**COLLECTED DATA**
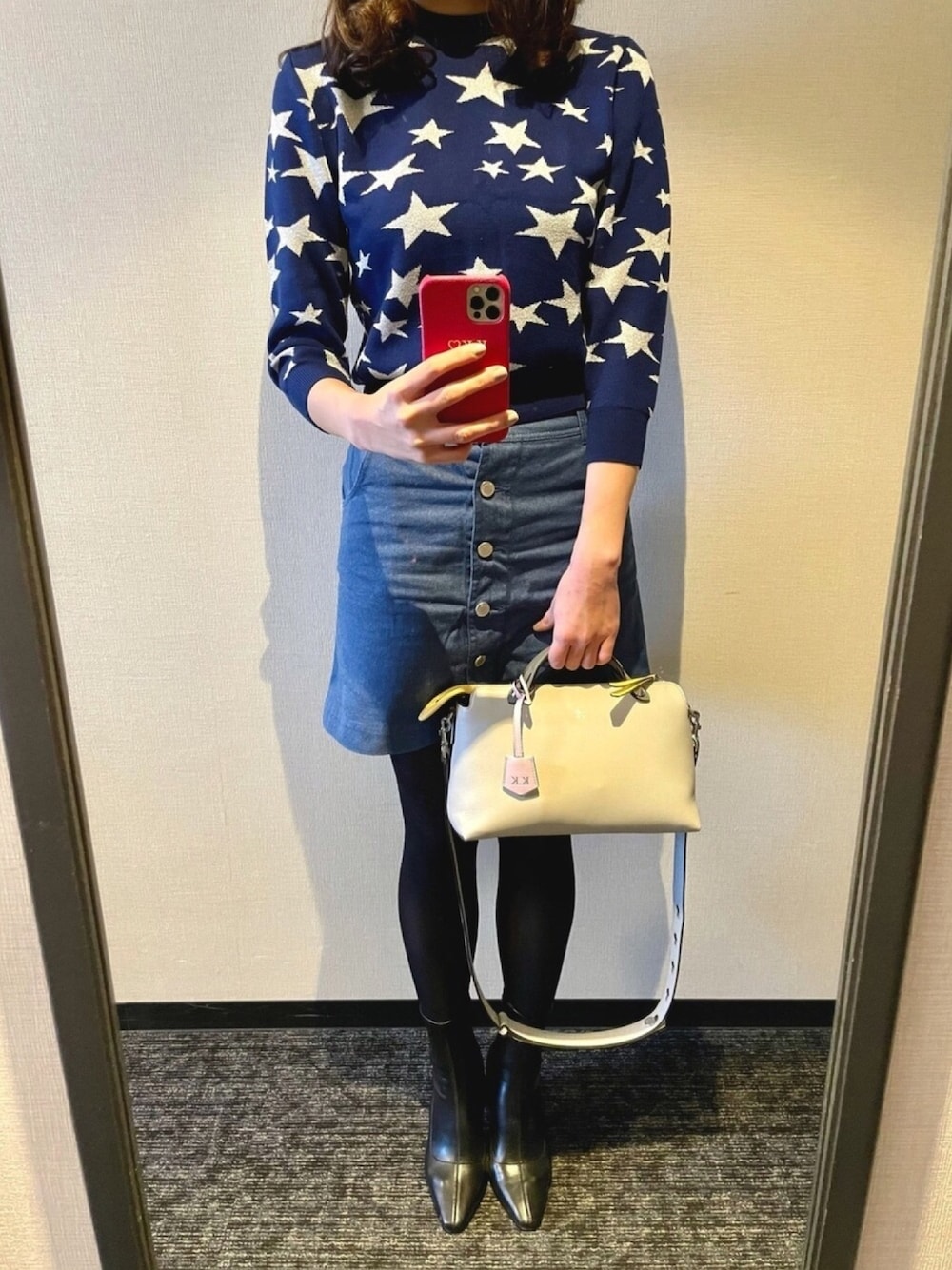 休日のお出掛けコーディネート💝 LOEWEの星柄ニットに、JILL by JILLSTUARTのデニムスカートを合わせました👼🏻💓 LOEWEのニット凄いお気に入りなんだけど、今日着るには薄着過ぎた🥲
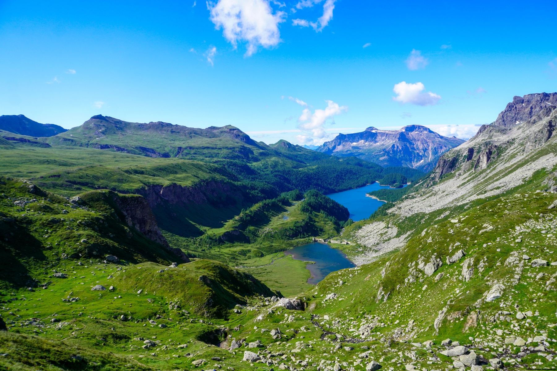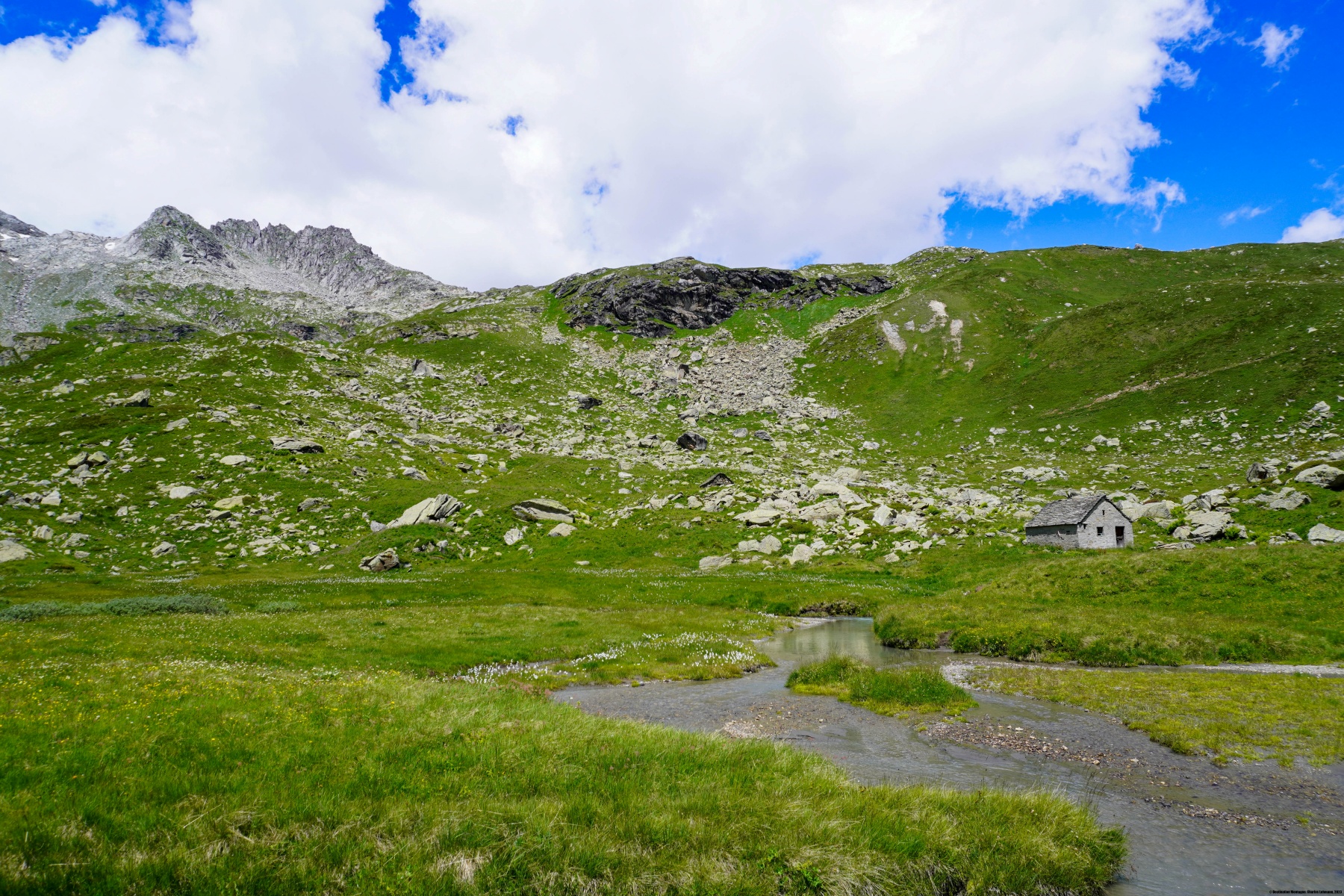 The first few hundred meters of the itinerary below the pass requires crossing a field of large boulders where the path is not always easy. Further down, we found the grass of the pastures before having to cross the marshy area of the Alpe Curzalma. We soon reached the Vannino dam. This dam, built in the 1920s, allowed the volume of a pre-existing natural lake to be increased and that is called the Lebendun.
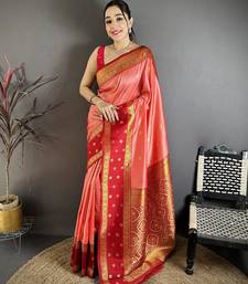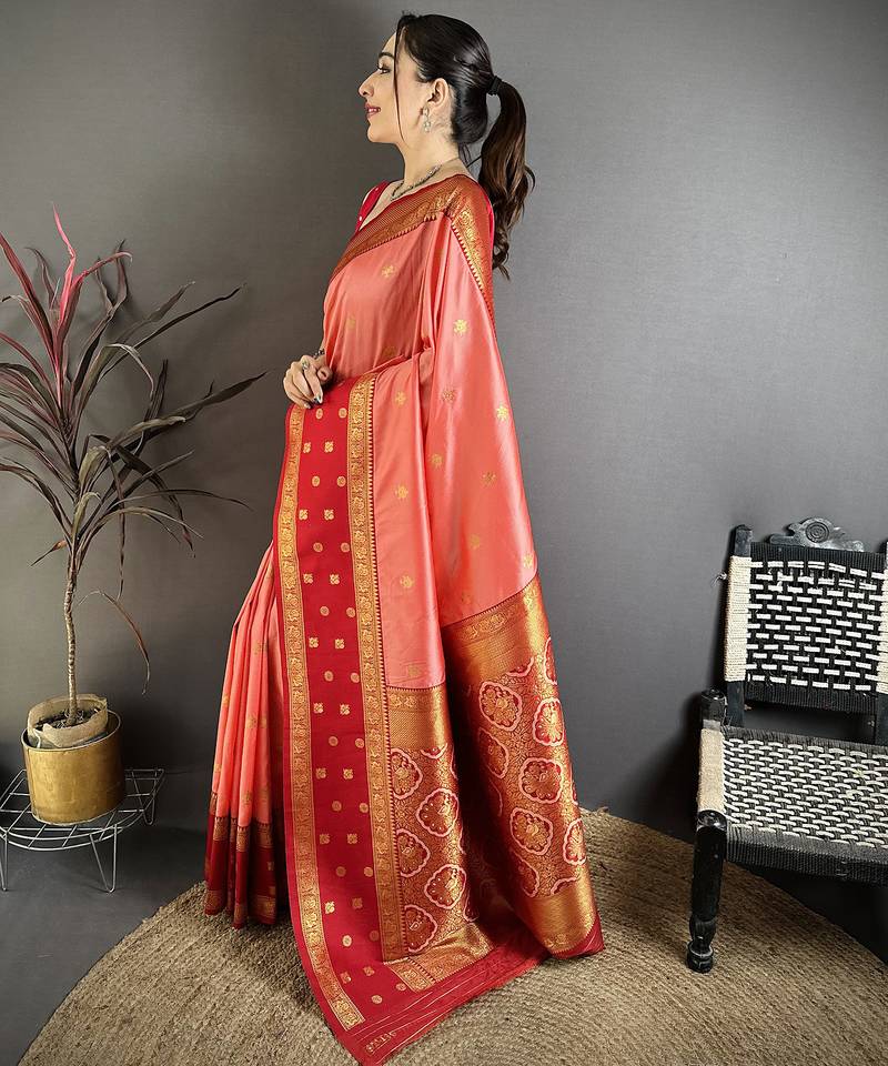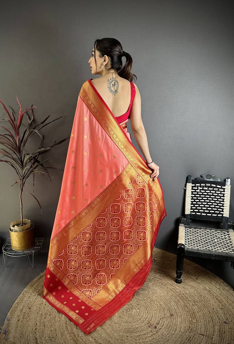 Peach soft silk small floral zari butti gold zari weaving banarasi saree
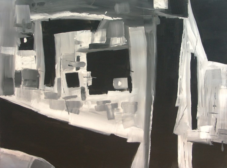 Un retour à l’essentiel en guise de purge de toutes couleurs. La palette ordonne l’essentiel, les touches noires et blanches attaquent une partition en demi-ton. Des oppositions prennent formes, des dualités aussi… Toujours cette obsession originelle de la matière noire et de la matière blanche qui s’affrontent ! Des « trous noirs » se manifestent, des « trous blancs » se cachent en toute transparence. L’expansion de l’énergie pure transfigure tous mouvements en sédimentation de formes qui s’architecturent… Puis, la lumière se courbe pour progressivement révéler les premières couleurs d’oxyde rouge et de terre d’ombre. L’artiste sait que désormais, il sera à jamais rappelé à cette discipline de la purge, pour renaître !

**EXERCISE DIRECTIONS**
Copy exactly the lines running from the beginning of the listing through the line that has "Peach soft silk". Drop the pictures.

**RESULT**
 休日のお出掛けコーディネート💝 LOEWEの星柄ニットに、JILL by JILLSTUARTのデニムスカートを合わせました👼🏻💓 LOEWEのニット凄いお気に入りなんだけど、今日着るには薄着過ぎた🥲
 The first few hundred meters of the itinerary below the pass requires crossing a field of large boulders where the path is not always easy. Further down, we found the grass of the pastures before having to cross the marshy area of the Alpe Curzalma. We soon reached the Vannino dam. This dam, built in the 1920s, allowed the volume of a pre-existing natural lake to be increased and that is called the Lebendun.
 Peach soft silk small floral zari butti gold zari weaving banarasi saree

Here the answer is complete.